3: Curator / Repository Relationship

  • As a depositor/user, do I trust this repository?
  • Will this repository ensure my data are FAIR? How?
  • Is there transparency with what actions will be taken with my data?

FAIR Data

  • An important end goal of data sharing and data curation is data that are:
    • Findable: To be findable (F) or discoverable, data and metadata should be richly described to enable attribute-based search
      • (meta)data are assigned a globally unique and eternally persistent identifier
      • data are described with rich metadata
      • (meta)data are registered or indexed in a searchable resource
      • metadata specify the data identifier
    • Accessible: To be broadly accessible (A), data and metadata should be retrievable in a variety of formats that are sensible to humans and machines using persistent identifiers
      • (meta)data are retrievable by their identifier using a standardized communications protocol
      • the protocol is open, free, and universally implementable
      • the protocol allows for an authentication and authorization procedure, where necessary
      • metadata are accessible, even when the data are no longer available
    • Interoperable: To be interoperable (I), the description of metadata elements should follow community guidelines that use an open, well defined vocabulary.
      • (meta)data use a formal, accessible, shared, and broadly applicable language for knowledge representation
      • (meta)data use vocabularies that follow FAIR principles
      • (meta)data include qualified references to other (meta)data
    • Reusable: To be reusable (R), the description of essential, recommended, and optional metadata elements should be machine processable and verifiable, use should be easy and data should be citable to sustain data sharing and recognize the value of data.
      • (meta)data have a plurality of accurate and relevant attributes
      • (meta)data are released with a clear and accessible data usage license
      • (meta)data are associated with their provenance
      • (meta)data meet domain-relevant community standards

    Source: https://www.force11.org/fairprinciples

     E Step Actions

    As we consider each stakeholder connection, ask yourself:

    • Did curation result in stronger relationships with the depositor? (Researcher / Curator)
      • One way to assess this is to survey authors that deposit data to your repository and ask them about their experience.
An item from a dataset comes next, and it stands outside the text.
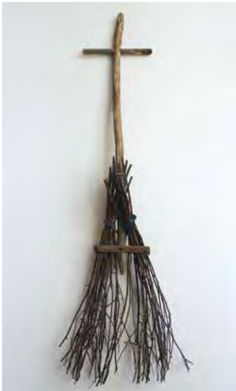
RAINER Péter: Kiűzetés – Seprőkereszt Péter RAINER: Exile – Broom cross 2019, fa, 132x42x12 cm

Read this case study...
    • Researcher / Curator Case Study

      Case Study: How satisfied are depositors with our curation services? We asked them!

      Members of the Data Curation Network, representing academic and non-profit data repositories, wanted to better understand how satisfied depositors were with the data curation services their data received from curation staff during the data sharing process (deposit, ingest, appraisal, curation, and publication).

      In spring 2021, we surveyed 568 researchers who had recently deposited data into one of 6 data repositories and asked them to consider their most recent data curation experience. Our 11-question survey received a 42% response rate with 239 valid responses. Of these:

      • 87% strongly agreed that they were satisfied with their curation experience
      • 75% reported that due to the curation process, changes were made to their data. For the remainder who said no changes were made, almost all said it was because no changes were needed
      • 81% strongly agreed that Data curation by their repository added value to the data sharing process
      • 98% said they would recommend this repository to a colleague
      • The most value-add action cited by many researchers was simply having a curator take time and review the dataset, as one respondent sums up: “Feedback from someone who comes to the data/documents with fresh eyes is simply invaluable…”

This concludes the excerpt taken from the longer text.